The distribution team is comprised of two groups, Distribution:Build and Distribution:Deploy.

Distribution Build tasks

  • Maintain all team pipelines for all Distribution projects
  • Research for the support of new clouds, platforms, architecture, and components
  • Access controls, permissions, and CVE patches
  • Team infrastructure/resource management
  • Dependency updates
  • License management
  • Submissions to Partners for validations/certifications

Distribution Deploy tasks

  • Initial installation and composability
  • Upgrades / Downgrades
  • Scaling deployments
  • Migration between platforms or providers
  • Data lifecycle management
  • Secure configuration & communication
  • Research of clouds and platforms for integration to existing tools

Work prioritization

Work to be completed by the Distribution team members who are not currently acting as the Distribution DRI is prioritized as follows:

Priority level Work item
1 Unblock in-review ~priority::1 Merge Requests
1 Pick up ~priority::1 Merge Requests for review
1 Work on in-progress ~priority::1 Deliverable Issues
1 Pick up available ~priority::1 Deliverable Issues
2 Unblock remaining in-review Merge Requests
3 Work on in-progress ~priority::2 Deliverable Issues
3 Pick up SLO-breaching Merge Requests for review
4 Pick up SLO-near-breaching Merge Requests for review
5 Pick up available ~priority::2 Deliverable Issues
6 Work on in-progress ~priority::3 Deliverable Issues
6 Pick up available ~priority::3 Deliverable Issues
6 Pick up SLO-non-breaching Merge Requests for review
7 Work on in-progress ~priority::4 Deliverable Issues
7 Pick up available ~priority::4 Deliverable Issues

Use this prioritization outline as a general guide when determining what to do each day. This list helps direct work toward overall team priorities and goals laid out by the team managers.

Workflow Summary

Distribution groups use the GitLab product development flow and labels in principle, we usually skip below phases due to the nature of our work:

Planning process

All the planning dashboards are bookmarked on the #g_distribution Issue dashboards folder.

Quarterly planning

On the 3rd month of the quarter:

  1. PM & EM & Staff Engineer: By 1st week, they draft OKRs for the upcoming quarter.
  2. OKR DRI: From 2nd week, they pick up a OKR and start scoping with other team members or stakeholders.
  3. All Engineers: From 2nd week, they start contributing to any OKR scoping they are interested in.
  4. EM: By the end of 2nd week, they decide whether any reserved planning days require per the current status of scoping.
  5. Everyone: At the end of the month, the OKRs and their scoping should be finalized.

Milestone planning

At the end of the current milestone, every engineer is expected to update their assigned issues and roll over uncompleted ones to the next milestone for review.

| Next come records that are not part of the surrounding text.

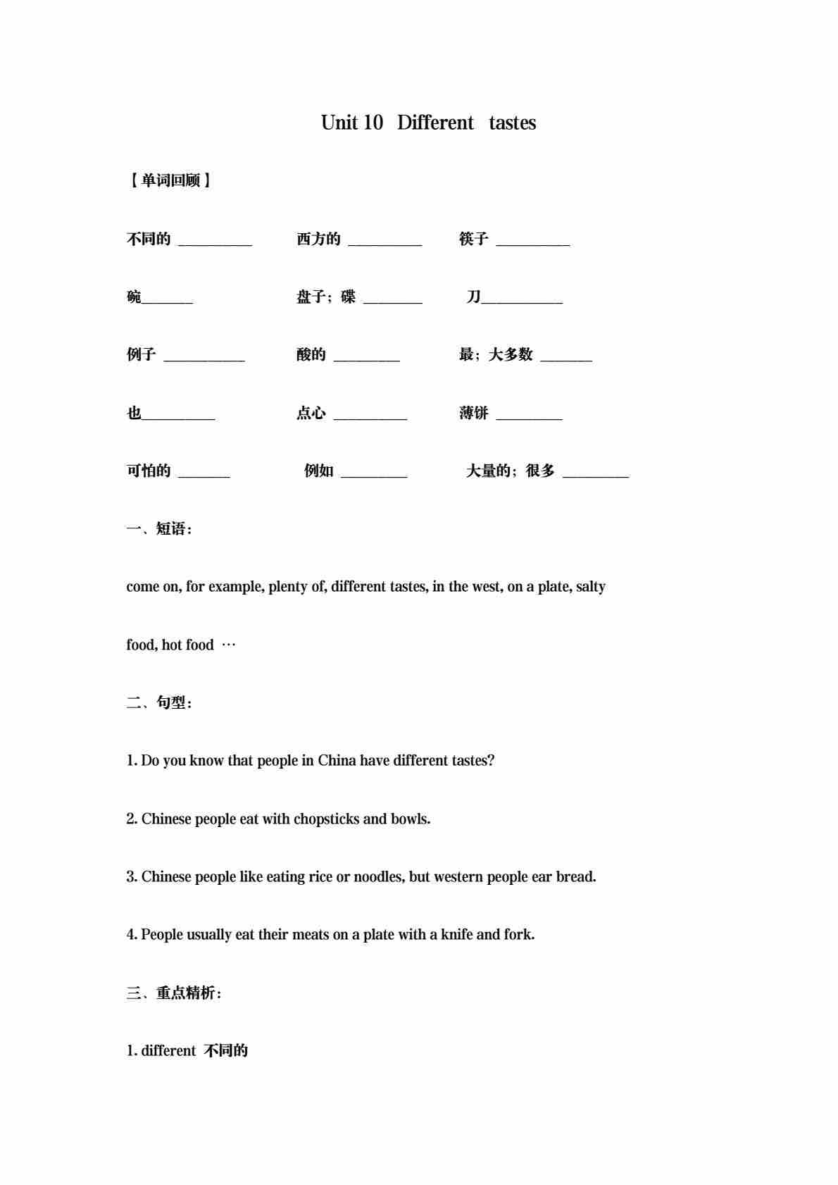 五年级(上)英语 Unit10 Different tastes 基础练习
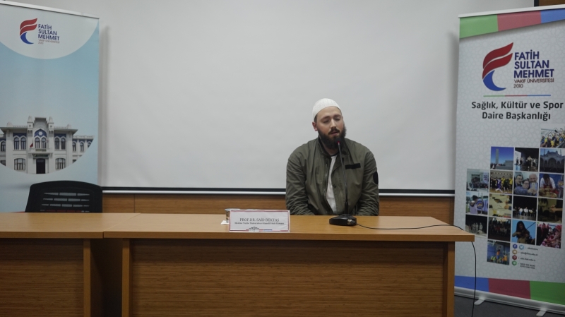 Üniversitemiz İslam Dünyası ve İletişim Kulübü tarafından gerçekleştirilen “Mezhepler arası ihtilaflar” adlı konferans İslami İlimler Fakültesi Dekanı Prof. Dr. Ahmet Turan Arslan Hoca’nın konuşmaları ile başladı. Dekan Ahmet Turan Arslan’ın konuşmasının ardından İslami İlimler öğrencisi Yasin Dumlu’nun Aşr-ı Şerif okuması ile devam etti.
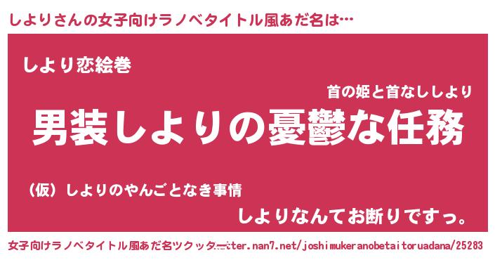 | ヒーロー風カッコイイあだ名 | 『天空の使者しより』『最強戦士シヨリ』 |
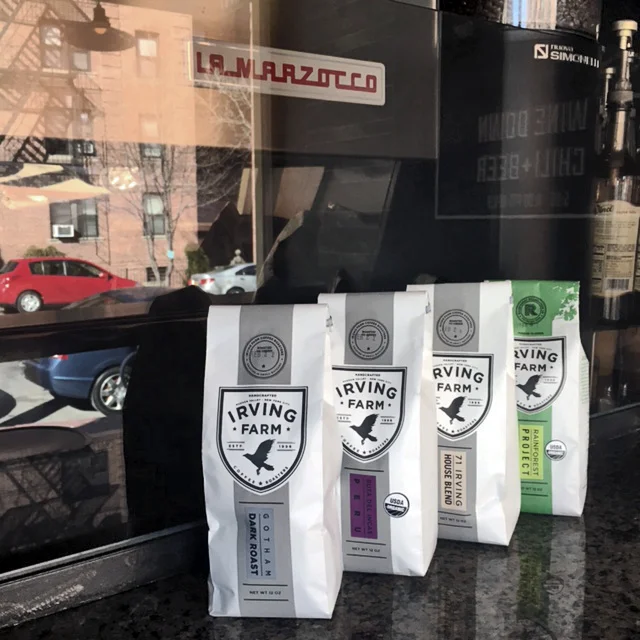 Aubergine Café has proudly been serving Irving Farm Coffee since we brewed our first cup in January 2003, we in fact had picked Irving Farm as our coffee roasters before we even found a home for the café! We can truly call Steve, David and all their staff our friends, sharing their philosophy of providing sustainably sourced coffee from around the world and a fair wage for all the growers.The beans are roasted in the Hudson Valley, to order and delivered weekly giving our customers the finest quality, freshest coffee which makes us very happy baristas!
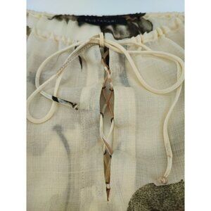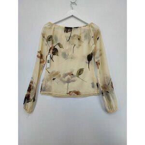 Elie Tahari Women's Zoe Cream Multi Peasant Floral Print Sheer Blouse Size XS
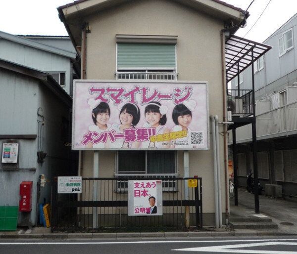 ●*学会員の住居にスマイレージ新メンバー募集の看板(下に公明党のポスター)

Engineering manager and Product manager are responsible for scheduling work that is a direct responsibility of the Distribution team.

Any unassigned issue is available for anyone to work on. You can show your interest in working on a specific task by leaving a comment in the issue. To do so, comment must contain the date on which you will commence the work. If the comment does not contain the date, or the date has passed, the item is free to be picked up by anyone again.

Add Unplanned work to current milestone

Sometimes, there are works that were not originally planned but require urgent attention, anyone could pick up and work on the reasonable ones. A typical workflow is:

  1. Assesses the work’s urgency with your best judgement, the urgency usually could be determined by active incident, internal and external customer impact, SLA and polices, and deadline.
  2. If it is a reasonable request, assigns Unplanned and all other required labels, and works on it per the work prioritization.
  3. If it is not, explains the reason to the requestor and provides possible alternatives, escalates to EM&PM when necessary.
  4. If not sure, asks for clarification from the requestor, and seeks advice from EM&PM when necessary.

Backlog reviewing

To be updated

Required labels

Besides the GitLab product development flow labels, there are a number of additional required labels applied at any time to Epics, issues and merge requests (items):

  • group::distribution - Items specific to, or authored by Distribution team. It is a scoped label to be applied to all Distribution subgroups items until further guidance.
  • group::distribution::* - Items specific to, or authored by one of Distribution subgroups. They are nested scope labels, and mutually exclusive, but can be used with group::distribution scoped label together.
    • group::distribution::build - Items specific to, or authored by build group.
    • group::distribution::deploy - Items specific to, or authored by deployment group.
  • FY(Year in two digitals)::* (1-4) - scoped label to indicate efforts targeted for release within a quarter. i.e., FY24::Q2.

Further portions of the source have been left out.